When they reached Tesco’s he did not go in. The brands and bright lights troubled him, and as she made all the purchases he had no function within anyhow. So on dry days he stayed outside with the empty shopping bag if it wasn’t too cold. When the weather was miserable he waited for her just inside the door beside the off-licence counter. When he first began to come with her after retiring, the off-licence assistants used to bother him by asking if they could help. As he said, ‘No thanks,’ he wanted to tell them that he never drank in the house. Only at Christmas did they have drink in the house and that was for other people, if they came. The last bottles were now three Christmases old, for people no longer visited them at Christmas, which was far more convenient. They went round to the Royal as usual Christmas Day. Denis still kept Sunday hours on Christmas Day. Though it was only the new assistants in the off-licence who ever noticed him on bad days now, he still preferred to wait for her outside with the shopping bag against the Special Offers pasted in the glass. By that time he would have already reached the farm between the lak
es while walking with her, and was ready for work.

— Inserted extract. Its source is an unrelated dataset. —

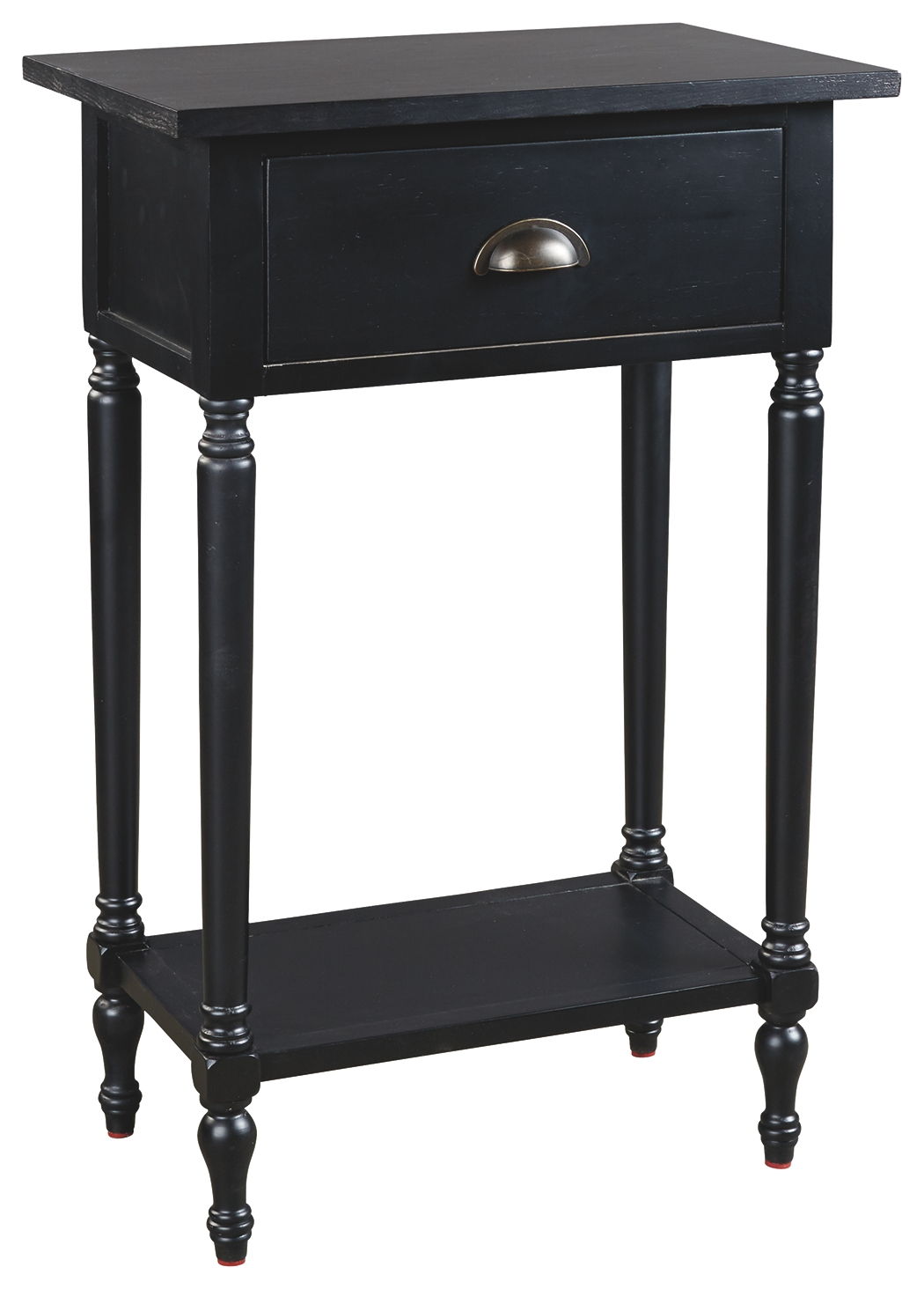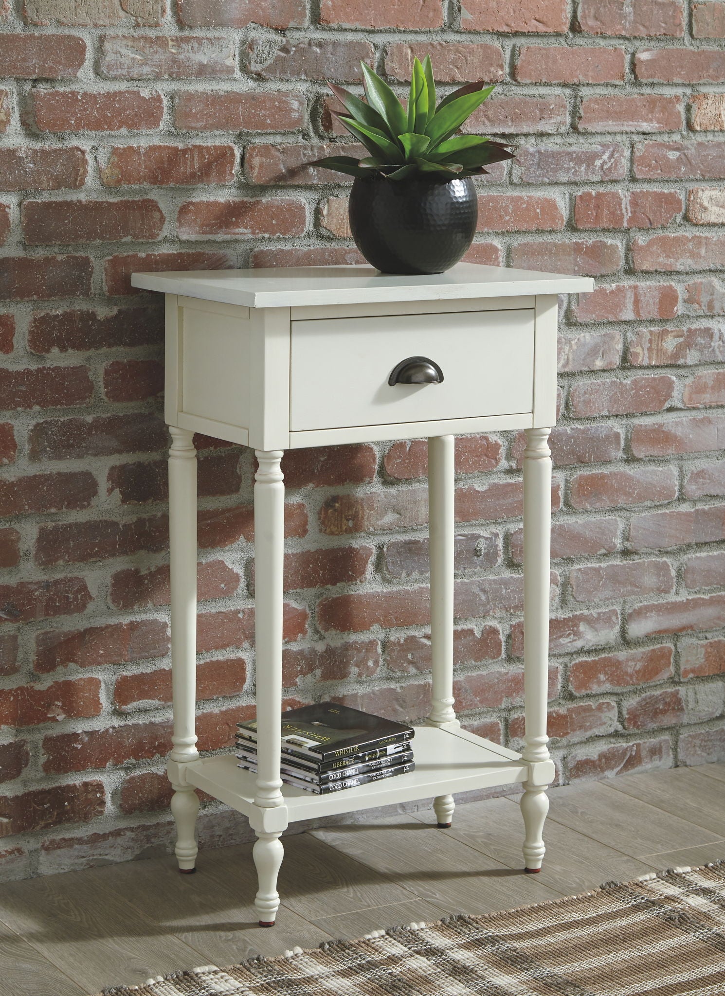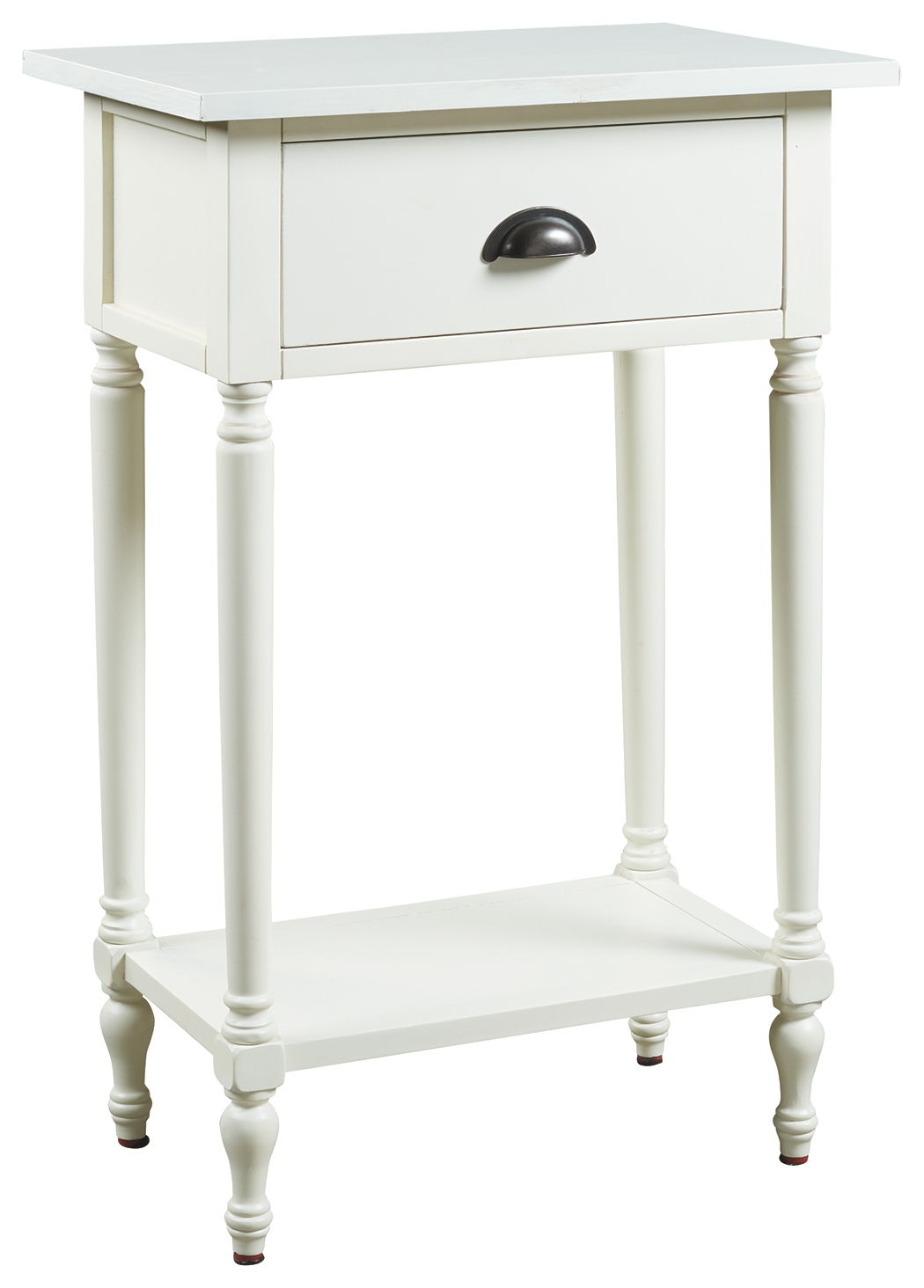 The perfect complement to any sofa, this accent table embodies quintessential vintage charm. It’s casually cool with a bronze-tone cupped drawer pull, turned legs, a framed drawer front and a classic white finish. You’ll love how the convenient drawer stores remotes and catchalls with ease. Last, but certainly not least, the bottom shelf is a hot spot for decor accents or an extra bin for tip-top organization in small spaces.

The farm that they lost when they came to London he’d won back almost completely since he retired. He’d been dismayed when he retired as caretaker of the Sir John Cass School to find how much the farm had run down in the years he’d been a school caretaker. Drains were choked. The fields were full of rushes. The garden had gone wild, and the hedges were invading the fields. But he was too old a hand to rush at things. Each day he set himself a single task. The stone wall was his pride, perhaps because it was the beginning. There were no limits before the wall was built. Everything looked impossible. A hundred hands seemed needed. But after the wall was built he cleared the weeds and bushes that had overgrown the front garden, cut away the egg bushes from the choked whitethorns, pruned the whitethorns so that they thickened. Now between wall and whitethorn hedge the front garden ran, and he’d gone out from there, task by single task.